**The task**
For the entries that follow, restate word for word the line containing "ovaler Domsandstein-Anhänger, Stein", the line containing "再放玉米粒,胡萝卜丁和豌豆。", and every line that lies between them.

**Input records**
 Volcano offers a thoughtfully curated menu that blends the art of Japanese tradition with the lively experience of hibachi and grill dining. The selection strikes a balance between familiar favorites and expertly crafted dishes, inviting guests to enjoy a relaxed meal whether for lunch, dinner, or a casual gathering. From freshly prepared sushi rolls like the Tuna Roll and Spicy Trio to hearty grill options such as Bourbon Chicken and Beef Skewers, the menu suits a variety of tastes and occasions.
---
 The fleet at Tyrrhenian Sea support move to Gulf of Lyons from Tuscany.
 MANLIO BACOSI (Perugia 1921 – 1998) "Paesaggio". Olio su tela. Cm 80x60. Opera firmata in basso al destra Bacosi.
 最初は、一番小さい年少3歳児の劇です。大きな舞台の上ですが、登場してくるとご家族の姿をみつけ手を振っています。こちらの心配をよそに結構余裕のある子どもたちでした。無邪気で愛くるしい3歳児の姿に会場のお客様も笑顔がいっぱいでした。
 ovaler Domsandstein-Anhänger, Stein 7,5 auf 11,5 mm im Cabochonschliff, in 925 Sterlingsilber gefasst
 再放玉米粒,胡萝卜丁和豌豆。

**Output of the exercise**
 ovaler Domsandstein-Anhänger, Stein 7,5 auf 11,5 mm im Cabochonschliff, in 925 Sterlingsilber gefasst
 再放玉米粒,胡萝卜丁和豌豆。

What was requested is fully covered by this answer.